__About this task__:
Return exactly, with nothing added, the lines from the one that contains "Print collateral developed" through the end of the listing below, pictures excluded.

__Exercise data__:
>>>
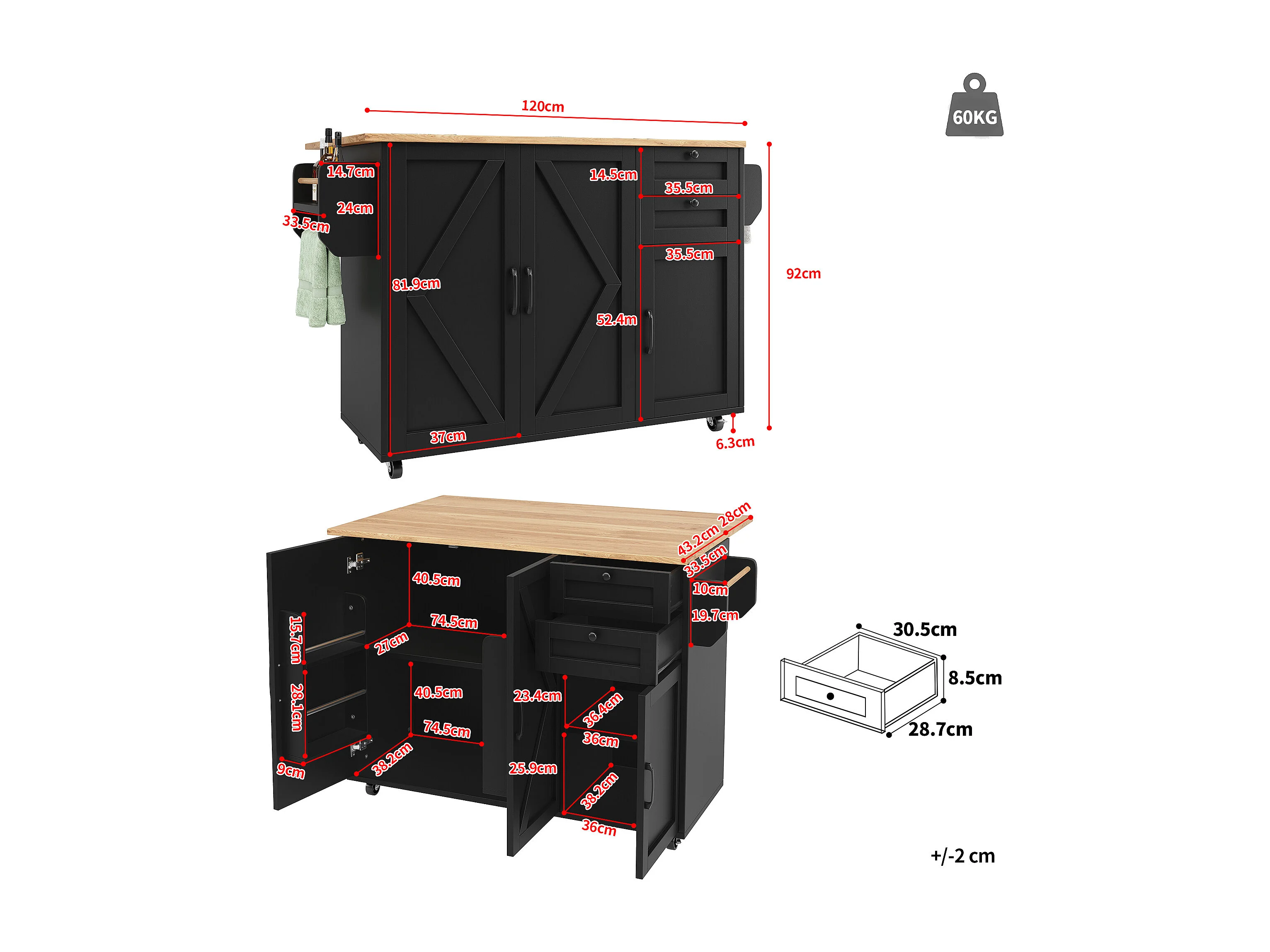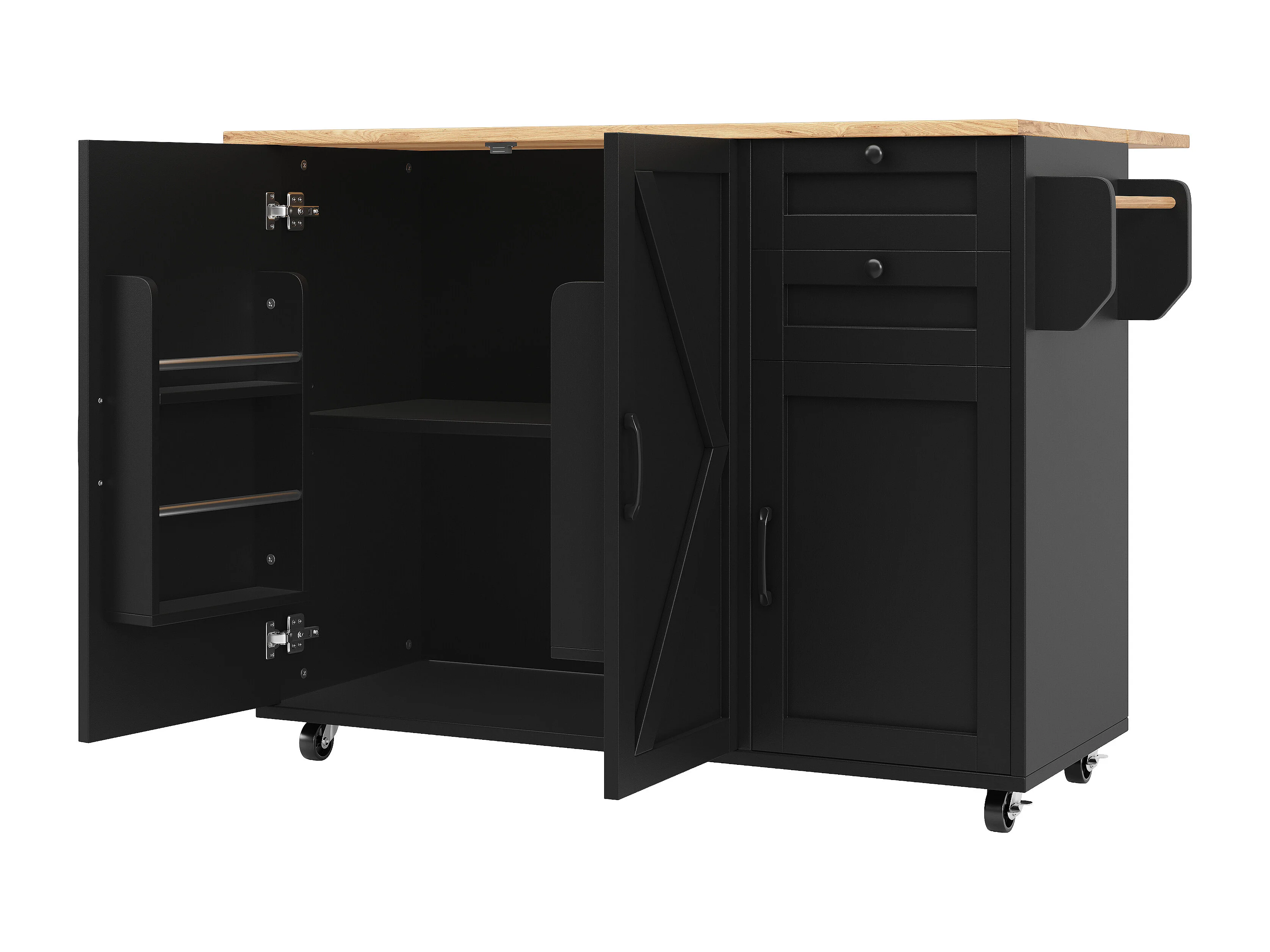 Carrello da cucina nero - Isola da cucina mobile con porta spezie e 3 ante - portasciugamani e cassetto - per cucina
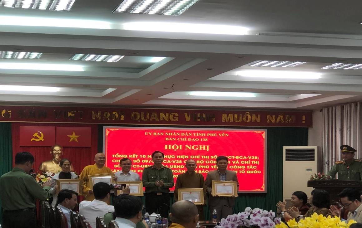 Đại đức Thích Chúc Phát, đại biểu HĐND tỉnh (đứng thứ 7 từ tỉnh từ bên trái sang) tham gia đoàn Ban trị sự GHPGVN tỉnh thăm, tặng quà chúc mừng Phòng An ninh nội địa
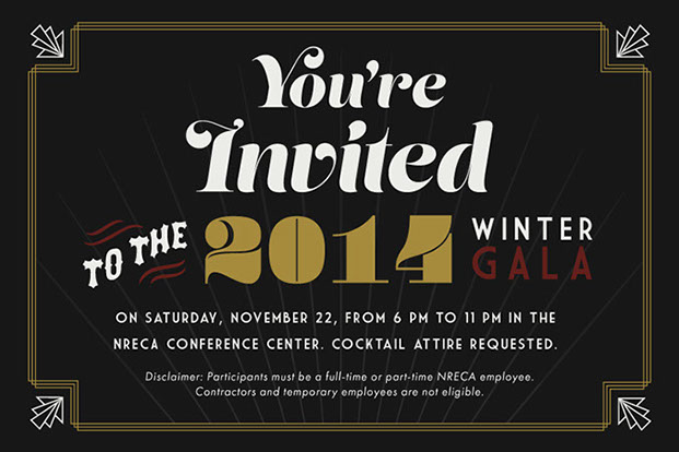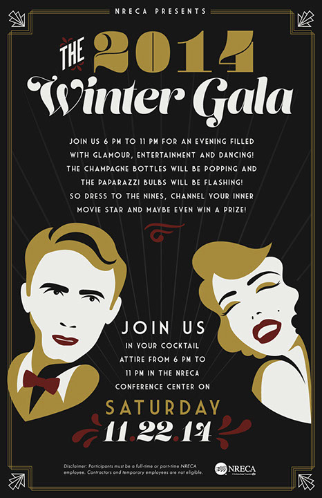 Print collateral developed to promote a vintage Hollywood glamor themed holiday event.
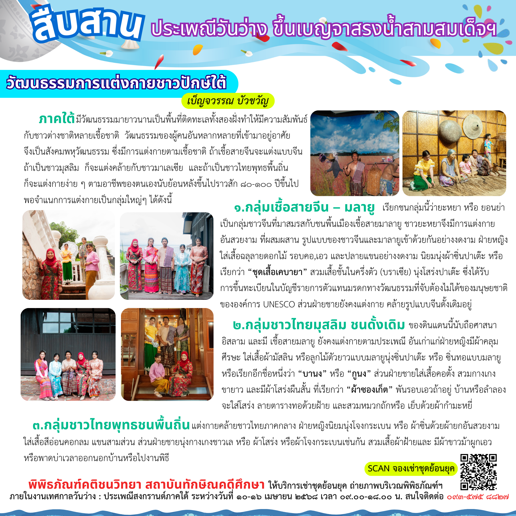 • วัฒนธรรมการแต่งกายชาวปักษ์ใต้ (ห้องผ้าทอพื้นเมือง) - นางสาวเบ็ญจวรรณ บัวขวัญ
<<<
__Task output__:
 Print collateral developed to promote a vintage Hollywood glamor themed holiday event.
 • วัฒนธรรมการแต่งกายชาวปักษ์ใต้ (ห้องผ้าทอพื้นเมือง) - นางสาวเบ็ญจวรรณ บัวขวัญ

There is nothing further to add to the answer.